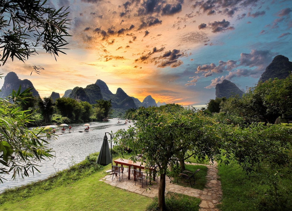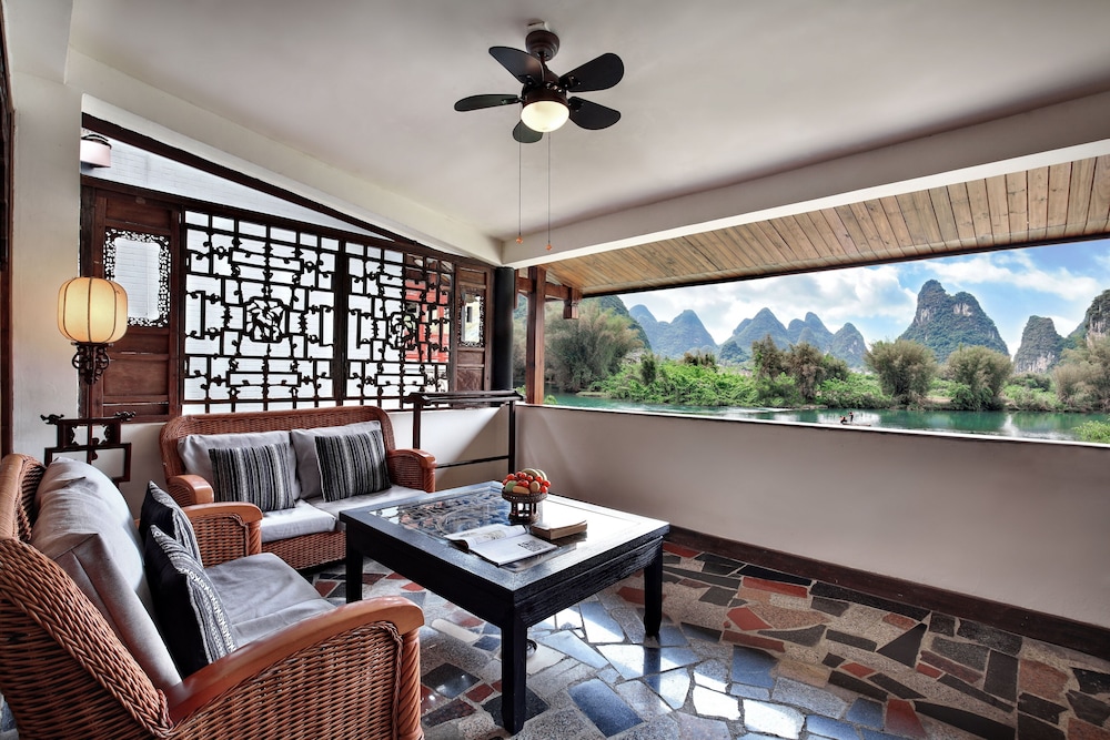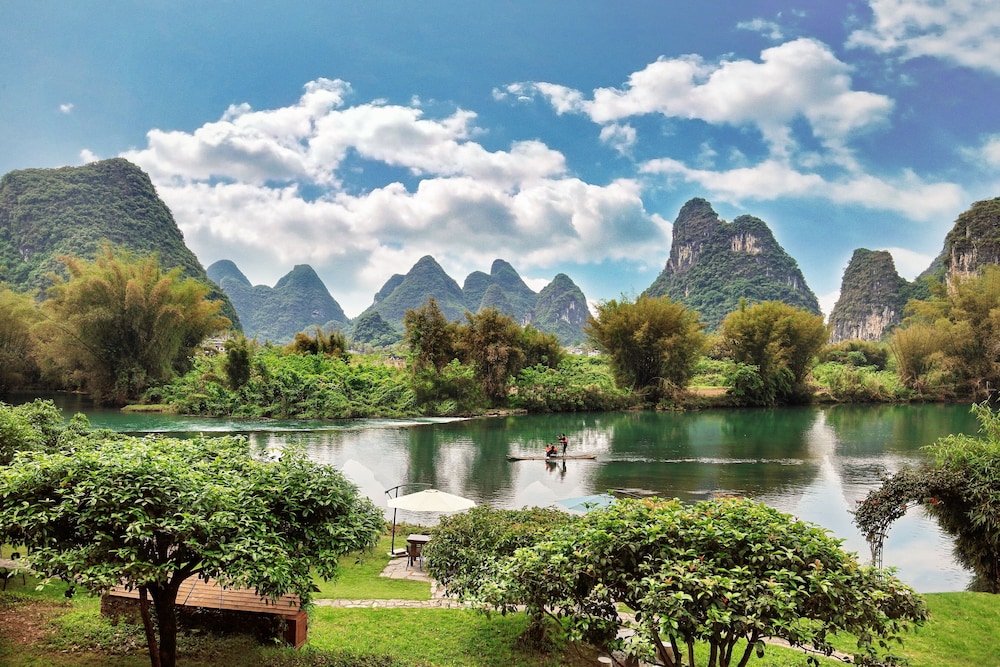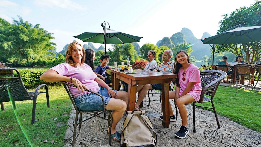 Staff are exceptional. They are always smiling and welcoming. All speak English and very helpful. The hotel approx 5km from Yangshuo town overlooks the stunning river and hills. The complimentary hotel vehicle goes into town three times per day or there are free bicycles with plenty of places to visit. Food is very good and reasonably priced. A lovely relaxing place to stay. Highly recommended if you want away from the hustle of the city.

* * *

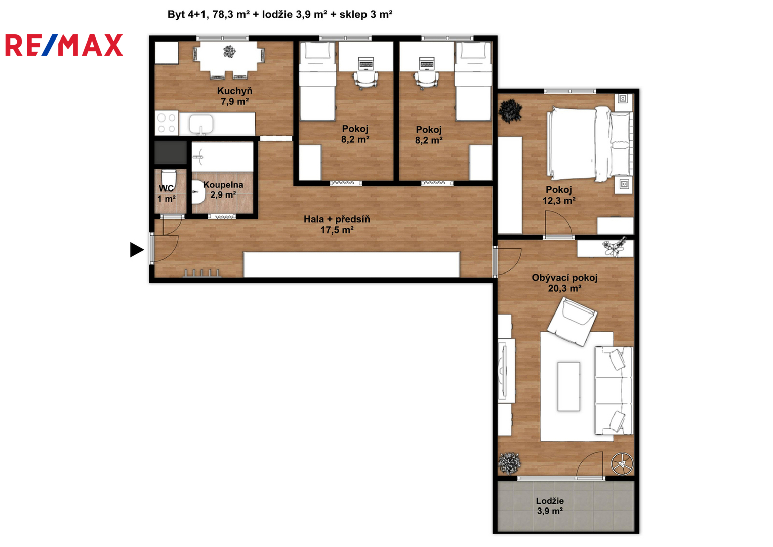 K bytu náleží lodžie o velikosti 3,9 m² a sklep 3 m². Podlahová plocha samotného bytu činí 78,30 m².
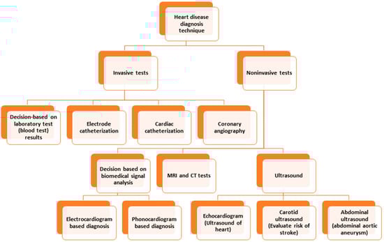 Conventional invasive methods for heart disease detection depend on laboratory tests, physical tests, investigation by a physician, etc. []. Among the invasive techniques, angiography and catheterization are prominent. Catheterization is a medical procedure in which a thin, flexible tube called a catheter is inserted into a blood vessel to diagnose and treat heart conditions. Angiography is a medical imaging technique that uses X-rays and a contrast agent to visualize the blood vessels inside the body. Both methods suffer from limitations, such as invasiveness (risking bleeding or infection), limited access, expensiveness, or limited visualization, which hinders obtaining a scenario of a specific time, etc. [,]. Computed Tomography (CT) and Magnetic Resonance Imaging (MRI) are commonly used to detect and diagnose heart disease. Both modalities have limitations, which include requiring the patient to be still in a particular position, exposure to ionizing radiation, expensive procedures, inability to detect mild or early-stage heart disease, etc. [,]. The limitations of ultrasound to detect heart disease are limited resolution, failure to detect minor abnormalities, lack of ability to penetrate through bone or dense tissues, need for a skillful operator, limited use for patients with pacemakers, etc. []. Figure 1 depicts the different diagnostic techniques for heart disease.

Work to complete: With the pictures removed from your copy, retype the lines above from the one that contains "K bytu náleží" through the one that contains "Conventional invasive methods", exactly.

Response to the task:
 K bytu náleží lodžie o velikosti 3,9 m² a sklep 3 m². Podlahová plocha samotného bytu činí 78,30 m².
 Conventional invasive methods for heart disease detection depend on laboratory tests, physical tests, investigation by a physician, etc. []. Among the invasive techniques, angiography and catheterization are prominent. Catheterization is a medical procedure in which a thin, flexible tube called a catheter is inserted into a blood vessel to diagnose and treat heart conditions. Angiography is a medical imaging technique that uses X-rays and a contrast agent to visualize the blood vessels inside the body. Both methods suffer from limitations, such as invasiveness (risking bleeding or infection), limited access, expensiveness, or limited visualization, which hinders obtaining a scenario of a specific time, etc. [,]. Computed Tomography (CT) and Magnetic Resonance Imaging (MRI) are commonly used to detect and diagnose heart disease. Both modalities have limitations, which include requiring the patient to be still in a particular position, exposure to ionizing radiation, expensive procedures, inability to detect mild or early-stage heart disease, etc. [,]. The limitations of ultrasound to detect heart disease are limited resolution, failure to detect minor abnormalities, lack of ability to penetrate through bone or dense tissues, need for a skillful operator, limited use for patients with pacemakers, etc. []. Figure 1 depicts the different diagnostic techniques for heart disease.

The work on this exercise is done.